A project undertaken at the Otago Centre for Electron Microscopy, University of Otago and supervised by Mihnea Bostina
The rhinoceros beetle (Oryctes rhinoceros L.) is a very important pest of coconut and oil palms throughout Southeast Asia and the Pacific Islands. Financial losses caused by this beetle reach hundreds of million dollars annually. Its control using chemical pesticides not only has had very limited success, but also has contaminated the habitat of many native communities that have based their fragile economy on coconut and oil palms plantations, particularly in the Pacific Islands. Recent reports have raised even more fear since the beetle is targeting now other important crops, like plantations of bananas, papayas, and sugar cane.
The Oryctes nudivirus (OrNV), a natural pathogen of the rhinoceros beetle, has been used successfully to control this pest and could become a sustainable and environmental-friendly tool to battle it if it is effectively produced, formulated, and applied in the field. However, this control strategy suffers from the difficulty to produce sufficient amounts of active virus and by the lack of an effective formulation which would maintain its biological activity when applied in the environment.

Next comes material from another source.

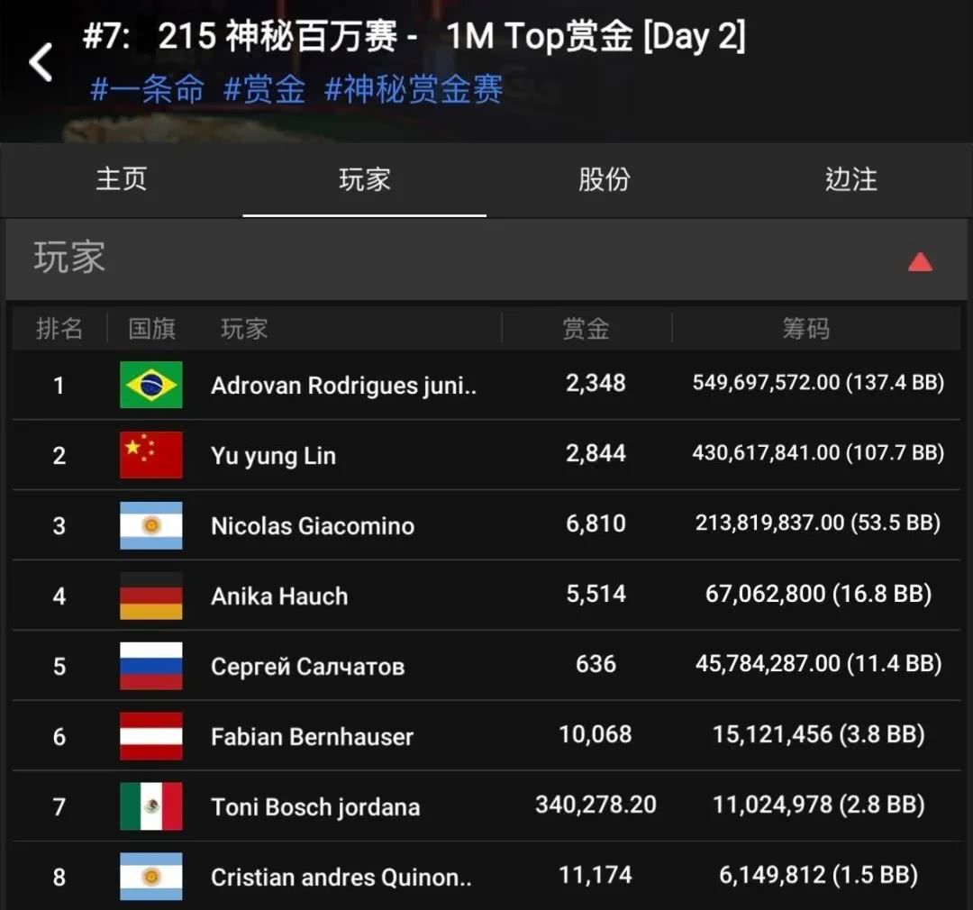 紧随其后的则是中国台湾选手Yu Yung Lin,手握107.7BB。这位2023年才开始于The Hendon Mob留下现场战绩的年轻选手,如今正迎来自己生涯最重要的一战。

The main objective of this project is to develop the basis for the stabilization and formulation of the OrNV on a clay-based nanoparticle, which will permit an efficient and practical use of OrNV as biocontrol agent on a large scale. We are using state of the art cryo-electron tomography and nanotechnology to untangle OrNV structure to better understand how it could interact with a clay-based nanoparticle formulation for its stabilization and delivery. This will place us in a much better position to use it effectivelyin the environment both in small and large coconut and oil palm plantations, helping local communities, which base their economy on palm and coconut trees plantations and that are struggling in the battle against the Rhinoceros beetle pest, particularly in the Pacific Islands.